Contributed by pitrh on from the You make me go -.!kz&Y_a! dept.
Book of PF author and Undeadly editor Peter Hansteen asks the following question:
Does enforced password change at set intervals actually enhance security?
Given the increasing sophistication of password cracking techniques, and potentially insecure methods for two-factor authentication, what can administrators do to strike the balance between utility and security?
(Comments are closed)
By Scott Brickey (207.250.204.185) me@sbrickey.net on www.sbrickey.com
I'd implemented a much more effective answer almost 15 years ago:
- passwords have to be at least 5 or 6 chars long (I don't recall how picky I was back when I'd set it up).
- password lockout after (around) 10 attempts per minute.
I *may* have had them change the password once or twice per year, just to cycle it around in case it WAS shared... but certainly nothing obnoxious. (again, I don't recall offhand... this was after all 15 years ago)
But that's it.
Few PEOPLE will actually type their password wrong 10 times in a row, at a rate of 1 attempt every 6 seconds. After the second or third time, too much thought goes into it, and people slow down. As a result, PEOPLE rarely trigger the lockout password.
COMPUTERS on the other hand, will submit 10 attempts in 1 second, and will trigger the lockout almost immediately. EVEN if they KNOW the policy, and limit their attempts... it'd take them years before they guess correctly (obviously guessing is just that, so it's POSSIBLE for some dipshit to have the password 'aaaaaa', which might be the first attempted password... but from a big-O perspective, it's impractical).
The policy worked great.
It did occasionally trigger lockouts on common accounts (Admin, root)... we dealt with them specifically (rename accounts, block perimeter login, etc)... but no one ever complained about it... and certainly wouldn't in light of TODAY'S requirements.
(I've also written about this : http://www.sbrickey.com/Tech/Blog/Post/Password_Account_Lockout_policies)
By Jeff Clement (204.101.226.66) on
My suspicions (not backed by numbers) are that, for normal users, requiring frequent password changes and requiring various password attributes (length, characters, etc) is actually detrimental to the security of a system.
I think that forcing users to routinely generate new secure passwords (which are hard to generate and hard to remember) seems likely to encourage users to pick bad passwords that are easily memorize-able and that only just pass these minimum password sanity checks rather than spend the time coming up with something decent. I have a single anecdotal case of me to back that up. :)
Two-factor systems like Google Auth & Duo Security are nice and certainly raise the bar but for anything important I'm uncomfortable with the secret being stored on my phone where it's, potentially, accessible by Apple/Google and other apps on the device. I'm also uncomfortable with how easy it is for anyone who acquires these secrets (which doesn't seem a huge hurdle) to then make an identical functioning two-factor token.

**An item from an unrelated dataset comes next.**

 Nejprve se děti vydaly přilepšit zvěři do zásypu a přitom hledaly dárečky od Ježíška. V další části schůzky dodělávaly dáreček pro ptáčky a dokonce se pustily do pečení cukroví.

My current favorite solution is the Yubikey because it's a physical token and can't easily be copied (assuming you protect the secrets when programming the device). Normally, Yubikey tokens are verified against a central server and machines authenticating a user would trust that central server to handle the authentication. I don't like this because I don't want a 3rd party in my authentication loop for stuff I really care about. Fortunately, OpenBSD's login_yubikey.c is standalone and authenticates the Yubikey without relying on a 3rd party service/server. This means that you do need to use a separate Yubikey for each user and system you log into (a central server is needed when using the same Yubikey token on multiple machines to prevent replay attacks).

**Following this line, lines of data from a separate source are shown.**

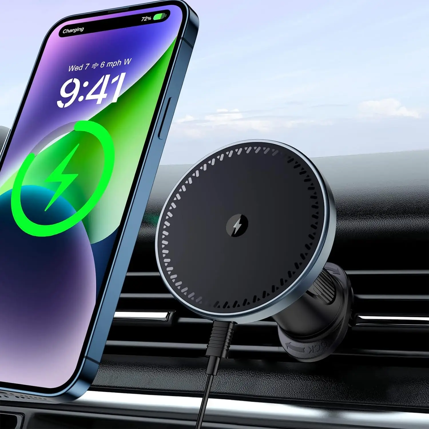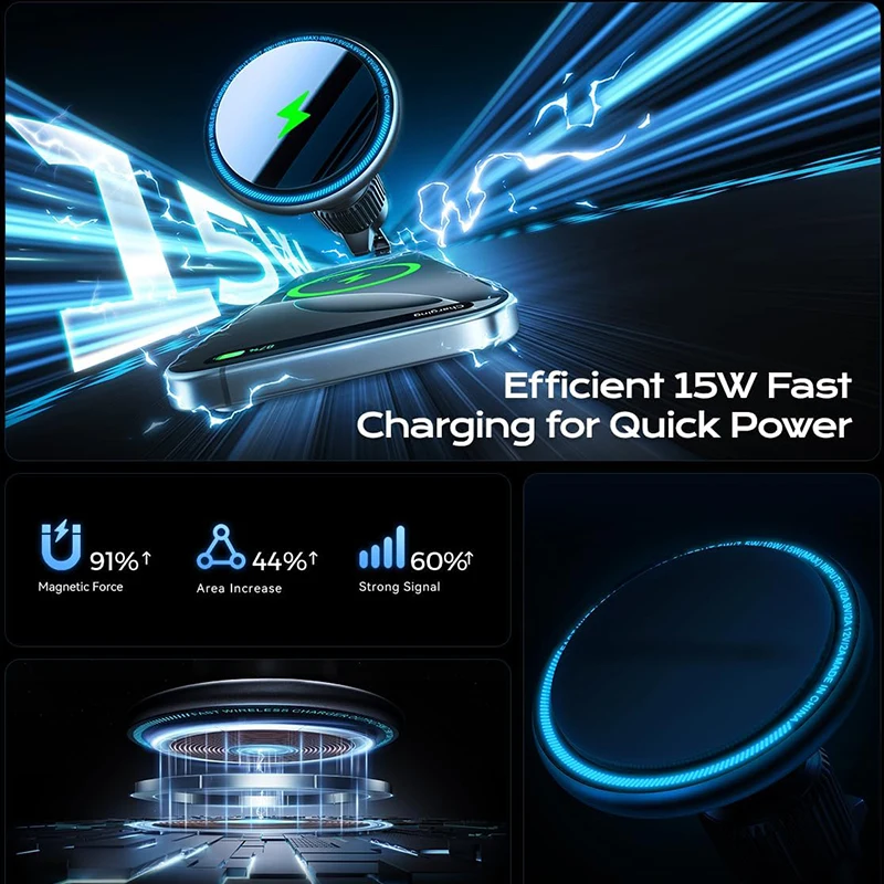UYUXIO 15W Magnetic Wireless Car Charger Air Vent  Fast Charging Car Mount Phone Holder with Magnet for iPhone 16 15 14 13 12
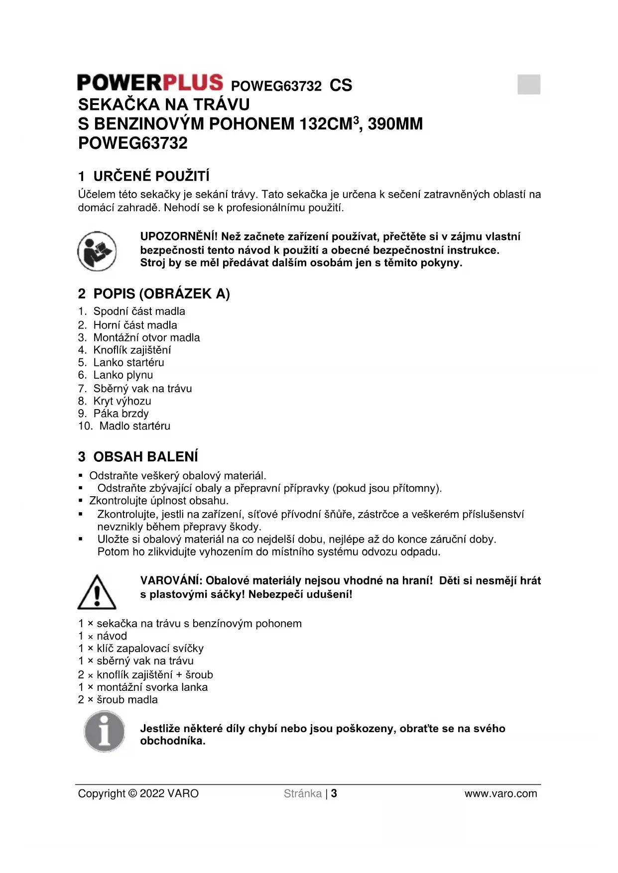 - Uložte si obalový materiál na co nejdelší dobu, nejlépe až do konce záruční doby. Potom ho zlikvidujte vyhozením do místního systému odvozu odpadu. VAROVÁNÍ: Obalové materiály nejsou vhodné na hraní! Děti si nesmějí hrát s plastovými sáčky! Nebezpečí udušení! 1 × sekačka na trávu s benzínovým pohonem 1 × návod 1 × klíč zapalovací svíčky 1 × sběrný vak na trávu 2 × knoflík zajištění + šroub 1 × montážní svorka lanka 2 × šroub madla Jestliže některé díly chybí nebo jsou poškozeny, obraťte se na svého obchodníka.POWEG63732 CS Copyright © 2022 VARO Stránka | 4 www.varo.com 4 SYMBOLY V tomto návodu a na stroji jsou používány následující symboly:
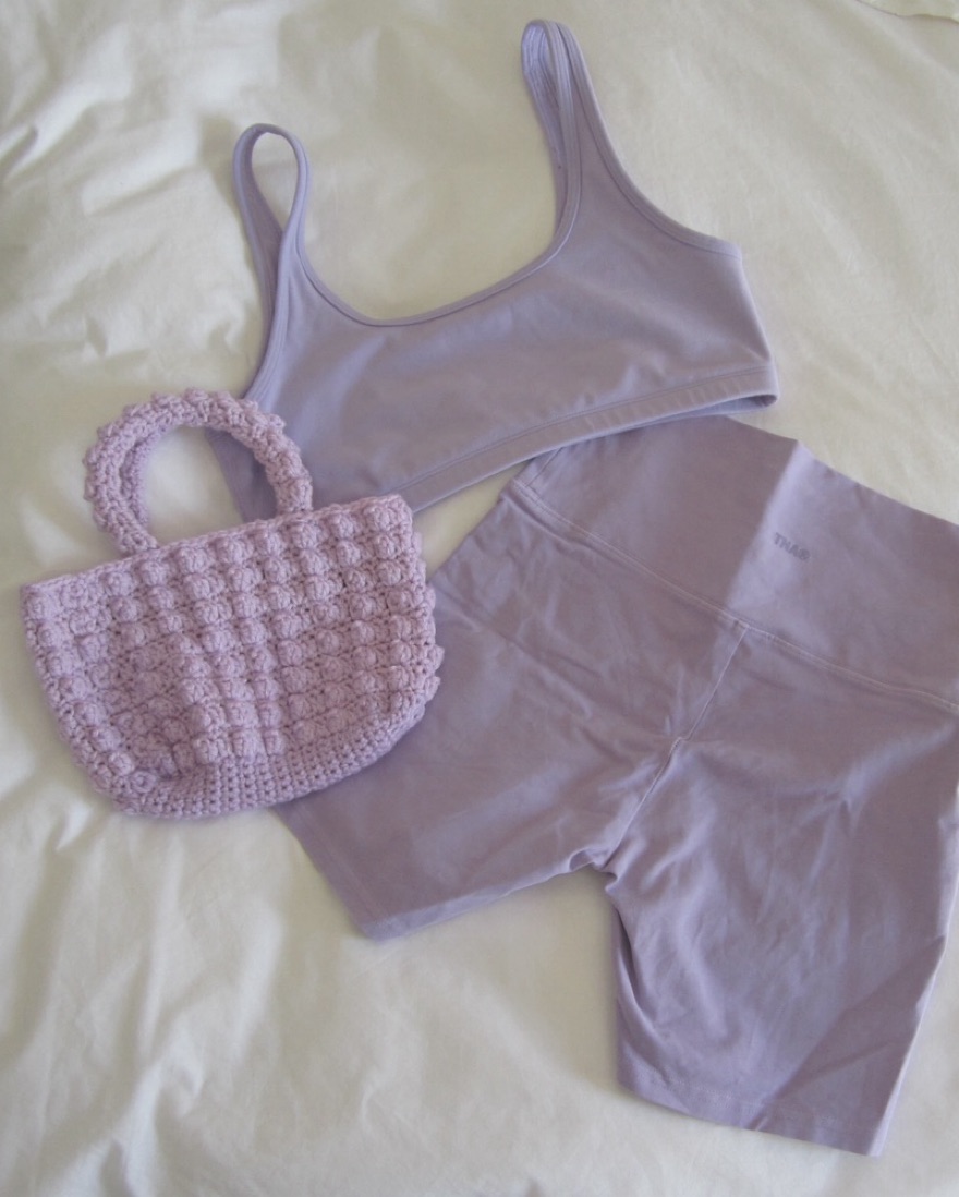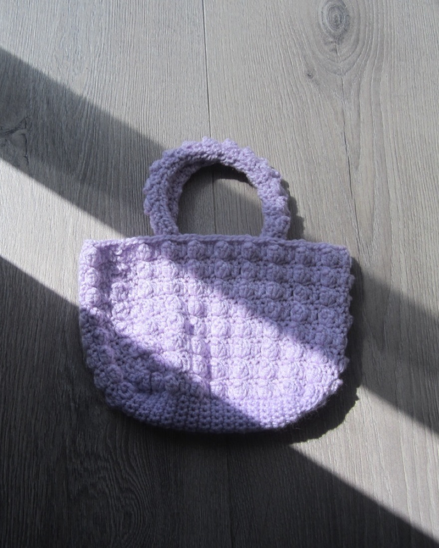 Purple handmade crochet bubble bag

My only complaint with the current login_yubikey.c implementation is that it's currently one-factor authentication. When you choose to use login_yubikey for authentication it becomes authoritative. Losing a Yubikey means that whomever finds that Yubikey can potentially compromise any accounts associated with that Yubikey.

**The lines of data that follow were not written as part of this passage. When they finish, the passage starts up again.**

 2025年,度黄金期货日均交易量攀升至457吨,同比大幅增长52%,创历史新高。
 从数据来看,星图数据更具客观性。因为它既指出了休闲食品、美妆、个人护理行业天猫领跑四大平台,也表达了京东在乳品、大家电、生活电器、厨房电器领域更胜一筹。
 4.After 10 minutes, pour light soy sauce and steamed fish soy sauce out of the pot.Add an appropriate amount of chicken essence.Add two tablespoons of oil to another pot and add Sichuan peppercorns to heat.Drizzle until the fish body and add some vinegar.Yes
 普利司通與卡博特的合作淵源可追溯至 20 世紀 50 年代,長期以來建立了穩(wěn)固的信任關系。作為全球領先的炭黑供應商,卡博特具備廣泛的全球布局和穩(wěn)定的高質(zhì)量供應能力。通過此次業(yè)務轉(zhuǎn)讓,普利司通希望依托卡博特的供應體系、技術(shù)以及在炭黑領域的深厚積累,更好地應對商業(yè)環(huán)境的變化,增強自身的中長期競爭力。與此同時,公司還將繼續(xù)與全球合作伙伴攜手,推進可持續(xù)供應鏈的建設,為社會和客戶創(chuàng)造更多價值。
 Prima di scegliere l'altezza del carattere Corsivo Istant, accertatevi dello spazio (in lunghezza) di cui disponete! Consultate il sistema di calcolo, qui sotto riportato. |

I have the following patch which adds an additional (optional) PIN to login_yubikey which turns it into true two-factor authentication.
http://marc.info/?l=openbsd-tech&m=139932262131349&w=2
Rather than enforcing passwords changes I would lean toward a two-factor device like a Yubikey combined with a short memorable password/PIN. It's easy for the users and is more resilient to poorly selected user passwords, keystroke loggers, etc.
Comments
By Anonymous Coward (38.99.63.178) on
Comments
By Jeff Clement (184.70.101.146) on
Agreed. I like smartcards in theory and I like where the NEO is going. The thing that keeps me using the HOTP Yubikey is that they just work on EVERYTHING (Windows, Mac, *nix and even my iPad) without additional software or drivers. They even work through multiple SSH hops if I need it to.
Thanks for the tutorial though! I'll take another stab and getting my Neo to do some useful work for me!